第161話

クロードは連日授業が終わるとエリーゼと女子生徒達に頼まれ体の作り方から勉強と魔法を教えていた。


本日は体力作りの日ということで演習場を皆で走り込んでいた。


体を動かすのが苦手と言っていた子も回数をこなすことに改善されて最低限の体力を身に着けていた。


「まだいけそうですね。もう1周追加で走りましょう」


「クロード君の鬼。
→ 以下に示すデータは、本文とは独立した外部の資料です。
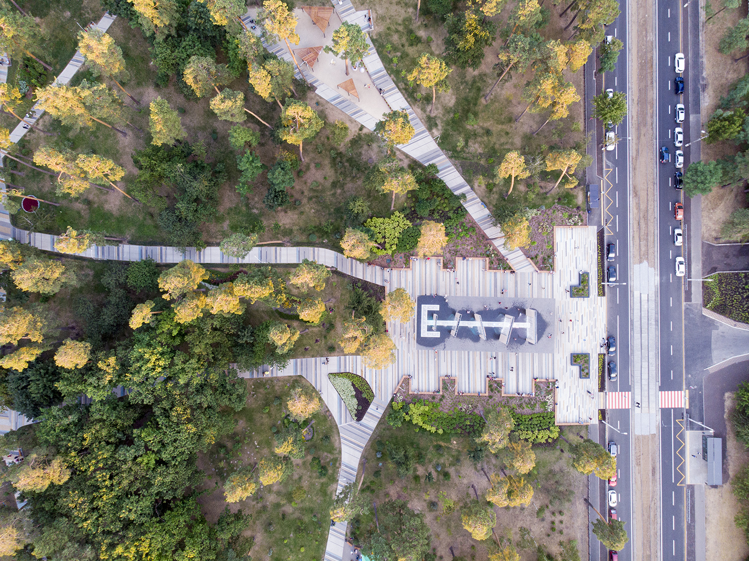 Со стороны жилого массива есть еще одна аллея, которая является верхней границей парка. Двигаясь вдоль границ озера, посреди нового парка, сразу за спортивной площадкой расположена центральная площадка с арт-объектом "мальчик и девочка".

悪魔」


体力作りで大切なのはギリギリを見極めて追い込むこと。


文句を言えるうちは大丈夫な証拠である。


「ほらほら。ペースが落ちていますよ」


エリーゼはお姫様であるのに積極的に体を追い込んで頑張っている。




限界まで皆を追い込んだクロードは休憩を指示して水分を配っていた。


そこに上級生達がやってくる。


「頑張っている新入生がいるって聞いたけどクロード達だったのね」


「アイリス姉様」


「皆へばってるじゃない。ちょっと追い込みすぎじゃないかしら」


「ギリギリまで追い込まないと訓練の意味がないじゃないですか」


「せっかく手伝おうと思ってきたのにこの様子ではな」


「一人だけ元気な子がいるけどこの子ってアイリスさんの弟さんなのね」


「自慢の弟よ」


「何もせずに帰るのはちょっとな。いっちょもんでやるか」


「あー・・・。うん。頑張ってね」


「よし。俺と模擬戦だ」


姉様と一緒にやってきた上級生の男子生徒相手に模擬戦をすることになった。


お互いに訓練用の剣を構えて相対する。


「先は譲ってやるから打ち込んで来い」


お言葉に甘えて踏み込んで上段から斬りつける。


「正直な攻撃だな。まだまだ駆け引きは苦手か」


男子生徒は受けたがあまりの威力に後退する。


「おいおい。なんて威力だ」


男子生徒は勢いをつけて突きを放ってくるがそれを最小限の動きで回避する。


「クロード。手を抜いちゃダメよ」


熱戦を繰り広げているように見せかけようとしたけどアイリス姉様に看破されてしまう。


仕方がないので男子生徒が耐えられるよう威力を抑えて連撃を体に叩き込む。


「ちょ・・・。待って・・・」


男子生徒の待っての言葉で攻撃をやめて静止する。


「いや。まいった。これでも剣には自信があったのに先生達より強いんじゃないか」


「クロードは5歳の時点でゴブリンロードを単独で討伐した腕前だもの」


「俺じゃ相手にならないって知っててやらせたのかよ」


「貴方の高い鼻っ柱もこれで折れたでしょ」


「先生達ともまともに打ち合えるようになっていい気になってたのは事実だがこれはあんまりだ」


「先輩。傷を治しますね。ヒール」


「おう。ありがとうな」


男子生徒はこの仕打ちに文句を言うことなくアイリス姉様達と一緒に去っていった。